In this way, we need suppose no unknown or extraneous faculties. For what better and swifter arrangement can we imagine than that which is brought about by fire, which is the most powerful agent we know in nature: rarefying the blood, it separates its small parts from one another, dividing them up and changing their shapes in every imaginable way.

This is why I am extremely surprised that, despite the fact that it has always been known that there is more heat in the heart than in the rest of the body, and that the blood can be rarefied by heat, it has not been noticed by anyone to date that it is this rarefaction of the blood alone that is the cause of the movement of the heart.

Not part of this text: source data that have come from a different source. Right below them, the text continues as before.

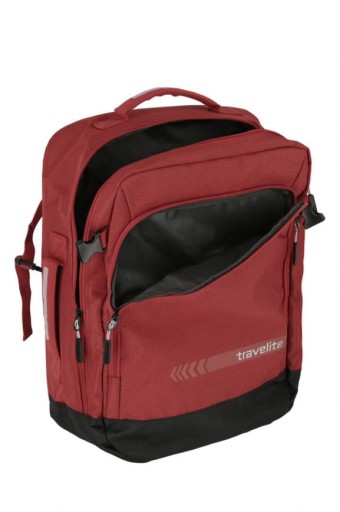 Travelite Kick Off 35L - надзвичайно практична, універсальна модель, яка поєднує в собі функції рюкзака та дорожньої сумки. Завдяки відповідним розмірам (50 х 37 х 20 см) і малій вазі (всього 0,9 кг) модель відмінно підійде в якості ручної поклажі різних авіакомпаній, в тому числі: Wizz Air, Ryanair, LOT, Lufthansa, Qatar Airways і easyJet. Ємність 35 літрів дозволяє легко помістити необхідні портативні аксесуари.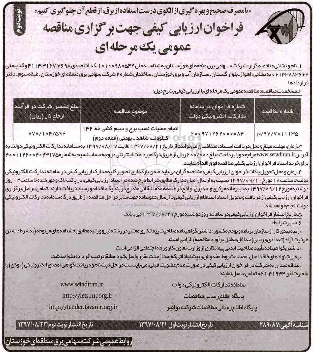 | 97/7011135/م | 200971262000084 | انجام عملیات نصب برج و سیم کشی خط 132 کیلو ولت شاهد - بهمئی قطعه دوم |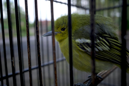 Captured in a confined space, a feathered dove peers through the rusty bars of its cage, its melancholic gaze hinting at a longing for freedom and wide-open spaces in its life.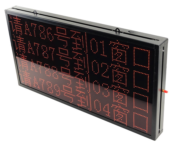 LED综合屏为排队叫号系统配件,安装在办事大厅的等候区,用于显示所有窗口当前呼叫的票号,用户可以根据等候区的宽度和现场环境灵活选择不同的型号尺寸。通常建议选择四行八字屏,可以显示四行类似于“请A001到02号窗口”的字样。综合屏显示的内容用户可以根据需要在排队系统主机进行设置,包括显示的文字、显示效果、滚动速度等都可以在后台进行修改。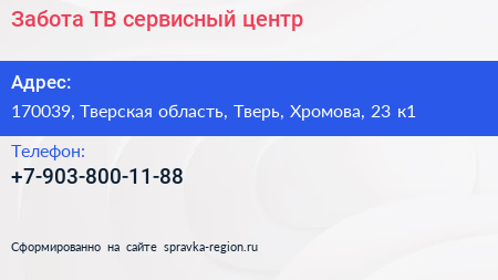 Забота-ТВ, сервисный центр по адресу 170039, Тверская область, Тверь, Хромова, 23 к1 в дальнейшем Организация, размещена в следующих категориях: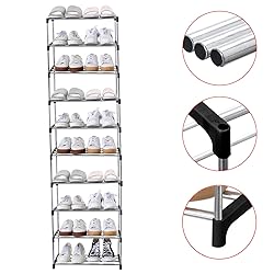 Easy peasy assembly, you only need to attach the tubes into the plastic connectors, and then that’s it. Stackable space saving design, Stack multiple units for more storage in the same footprint. It works in various locations such as the dormitory, bathroom, and doorway for the storage of shoes, bags, and more. This shelves fit boots, high heels or slippers and Stores up to 8-10 pairs of shoes. Material:Plastic and galvanized pipe, Size: 17.2×10.3×61.8 inch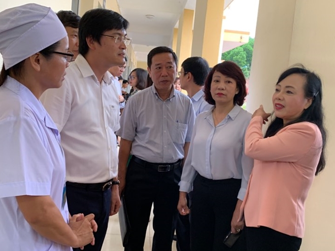 | Bộ trưởng Nguyễn Thị Kim Tiến; bà Vũ Thị Thu Thủy, Phó Chủ tịch UBND tỉnh Quảng Ninh kiểm tra công tác khám bệnh tại Trạm Y tế xã Đoàn Kết . |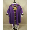 Casula semigótica bordada em alto relevo com listra de tecido em veludo e com fios metalizados de altíssima qualidade.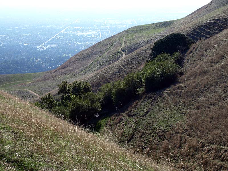 end of the Calaveras Fault Trail, looking at the trail making a steady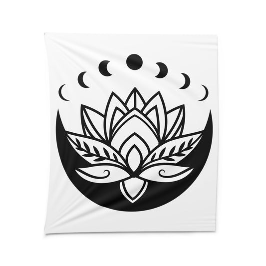 LOTUSBLÜTE MONPHASEN • Wandtuch • Wandttepich Schwarz Weiß • Wanddekor in v. Größen bis XXL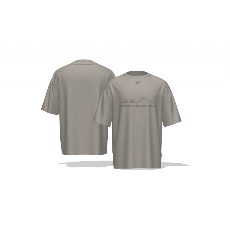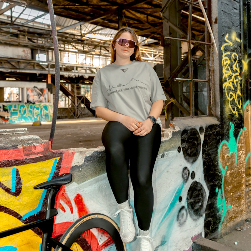 Der minimalistische Print mit Bergsilhouette und dem Statement „Höhenmeter sind meine Therapie“ bringt genau dieses Gefühl auf den Punkt. Ein Shirt für alle, die im Sattel abschalten, den Kopf freibekommen und ihre Energie auf der Straße oder im Gebirge finden.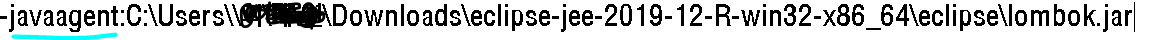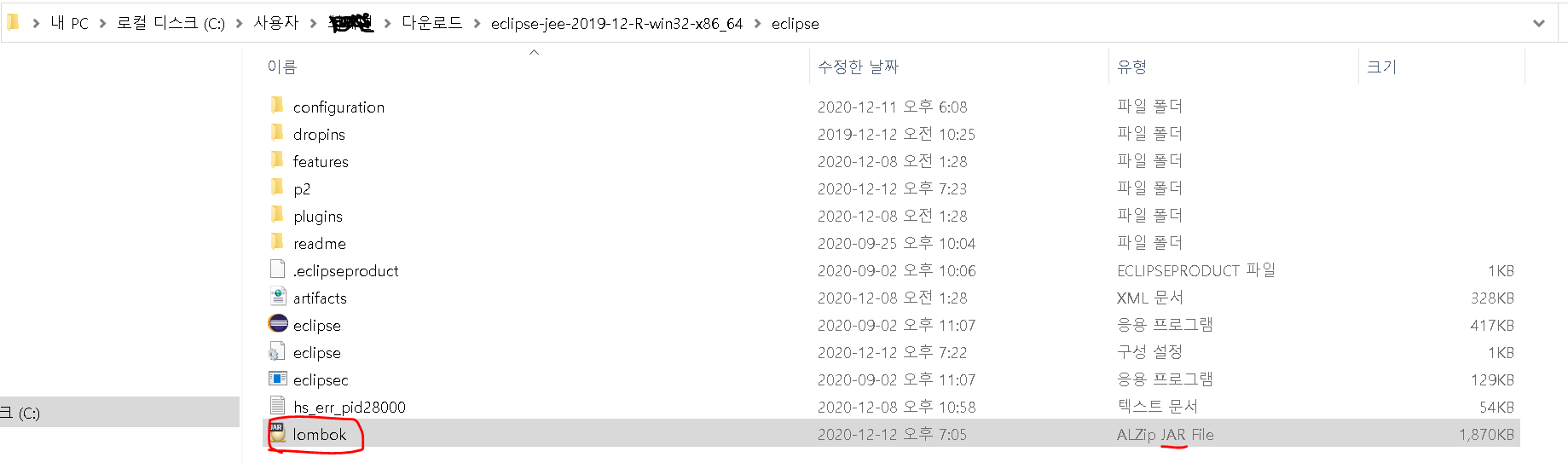 - 설치가 끝나면 Eclipse의 실행 경로에 lombok.jar 파일이 추가된 것을 확인할 수 있다.

For although it might seem  that Aristotle thought this when he wrote in chapter  of his book De respiratione ‘that this movement resembles the action of a liquid that heat brings to a boil’, and also that what causes the pulse is ‘juices from the food one has eaten continually coming into the heart and rising to its outer wall’, nevertheless, because he makes no mention in this passage of the blood, or of the material from which the heart is constructed, it is clear that it is just by chance that he has said something approaching the truth, and that he possessed no certain knowledge of it.

Nor was his opinion adopted by anyone, even though he had the good fortune to have a number of followers on many other questions where his views are far less plausible.

Yet it is so important to know the true cause of the heart’s movement that, without it, we cannot know anything about the theory of medicine, because all the other functions in the animal depend on it, as will be seen clearly from what follows.